Seed also becomes unreliable, because selecting a random point such as 55.55% of 100% in the probability mass of all tokens may be occupied by a different token on a second trial.
Context matters: LLMs consider the entire sequence, not just the previous word. The meaning of a word changes based on previous words (e.g., “play” vs. “playwright”)
Does temperature=0 also give me similar level of determinism like top_p =0.000001. Or does top_p has an advantage over temperature
Temperature=0: Meant to pick the highest probability token, but there can be ties in probabilities. This can lead to different outputs for the same prompt even at temperature=0.
top_p=0.000001: Forces the model to consider only the absolute most probable token, achieving near-determinism.

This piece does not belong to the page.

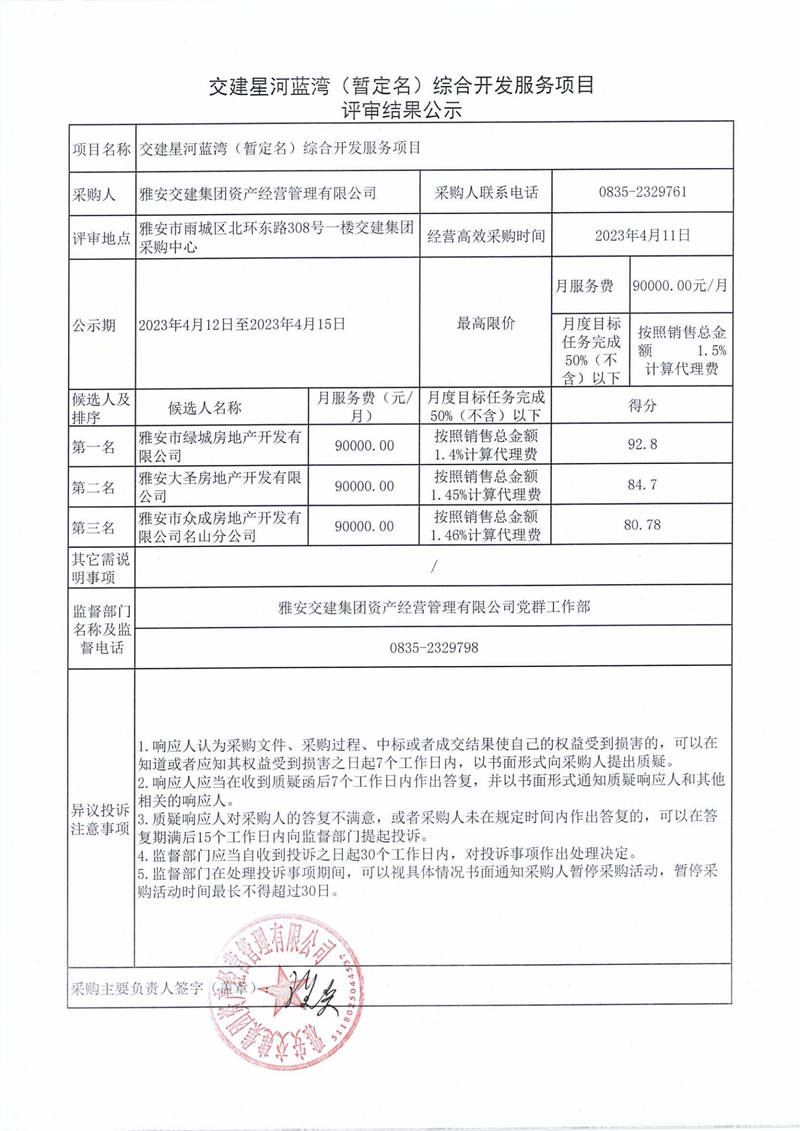 雅安交建集團(tuán)資產(chǎn)經(jīng)營管理有限公司交建星河藍(lán)灣(暫定名)綜合開發(fā)服務(wù)項(xiàng)目評(píng)審結(jié)果公示

Temperature actually can put some distance between the softmax result of two very similar tokens when set low. When GPT-3 could return reproducible results and I identified an input where the next token could give identical logprobs, trials at very low values (like 1e-9…) could cause one to be favored, meaning there was more precision that was not returned by API.
The drawback of temperature 0 is that it is a non-existent divide-by-zero, so it triggers some API replacement that is more like 0.01 - or is just completely broken in assistants or gpt-4o. That means that very poor tokens still have a slight chance of appearing.